Morning Report: Fears of another 2008 are overblown.

Vital Statistics:

 LastChange
S&P futures3,704-0.25
Oil (WTI)79.820.76
10 year government bond yield 3.76%
30 year fixed rate mortgage 6.51%

Stocks are flattish this morning on no real news. Bonds and MBS are down.

The upcoming week will will have some housing data with home prices (FHFA / Case-Shiller) and new home sales. We will also get durable goods orders and the final revision for second quarter GDP. Personal Incomes / Outlays will be on Friday. The jobs report will be next week.

There will be a lot of Fed-speak as well.

Economic conditions deteriorated in August, according to the Chicago Fed’s National Activity Index. Production and income data pulled down the index, while employment and consumption helped.

With the potential for a housing downturn (at least with respect to prices) the inevitable comparisons to 2008 are being trotted out. I have said this before, but 2008 was one of those twice-in-a-century moments (a residential real estate bubble) and the facts on the ground today are much different.

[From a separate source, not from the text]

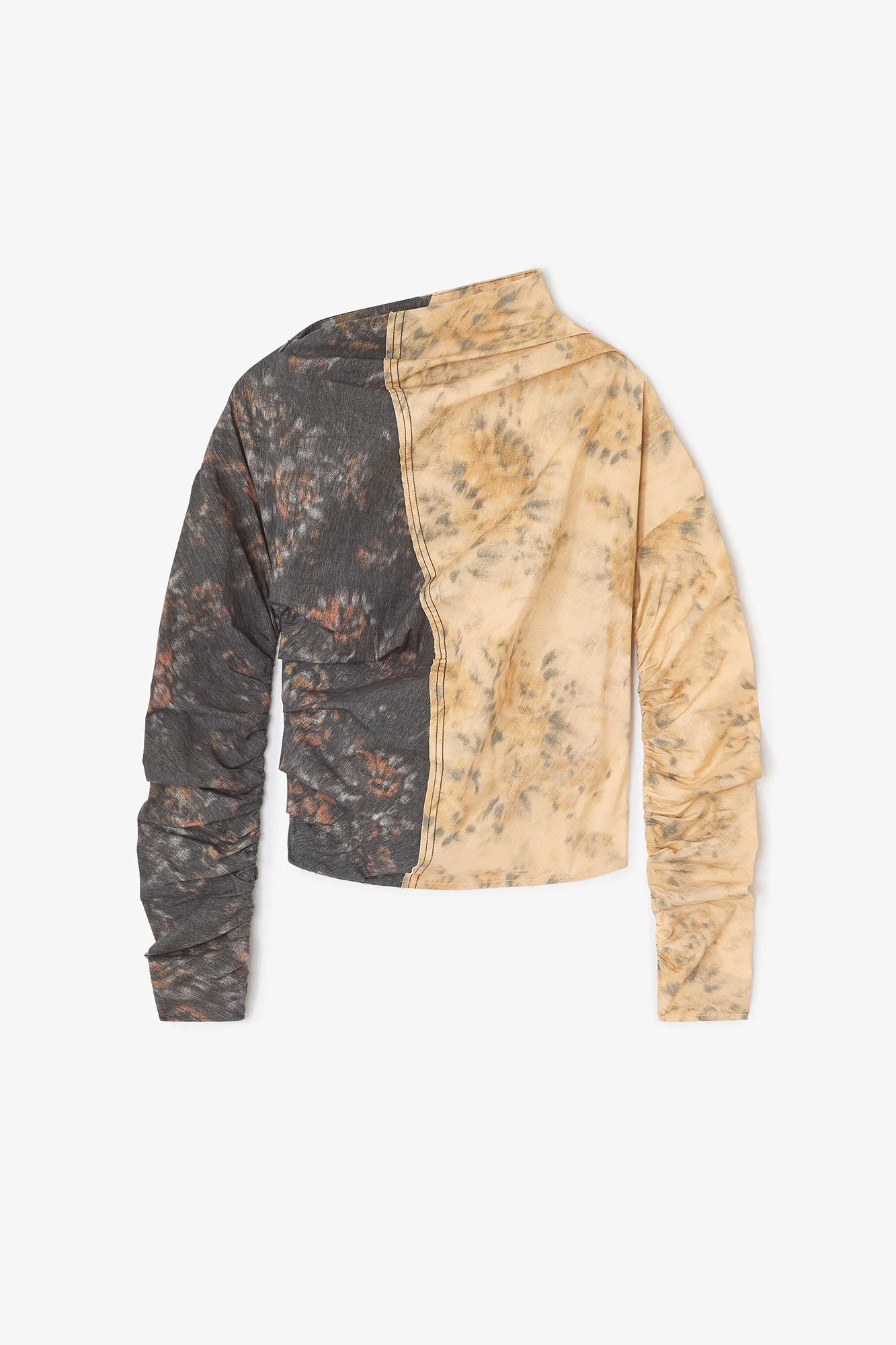 This top in a split romantic floral print features an asymmetrical neckline, ruching at sleeves and a twisted open back detail. DETAILS - 97% organic cotton, 3% elastane. Learn more about our materials - Split romantic floral print - Asymmetrical neckline - Ruched sleeves - Twisted seam front detail - Twisted open back Made in: India Product ID: W1021 SIZE & FIT - Slim fit - Ayesha is 5’9” and wears a size US 4 - For personalised guidance on sizing and fit, contact our Customer Service team - here - .

The biggest difference between 2008 and today? The vast majority of mortgages are guaranteed by the government. Subprime doesn’t exist. Aside from non-QM (which resembles Alt-A not subprime) every MBS is money good. So we won’t see a banking crisis, and we won’t see forced selling of securities.

Home prices might decline in some overheated markets. But many of those markets saw 30%+ home price appreciation for a couple years in a row. So a 5%- 10% haircut in Phoenix isn’t unreasonable.

The bottom line is that any decline in home prices won’t trigger another collapse because banks don’t have much credit exposure to residential real estate lending. Any exposure will be counterparty risk (i.e. those who had warehouse lines with someone like FGMC).

Bottom line, fears about another 2008 are completely overblown.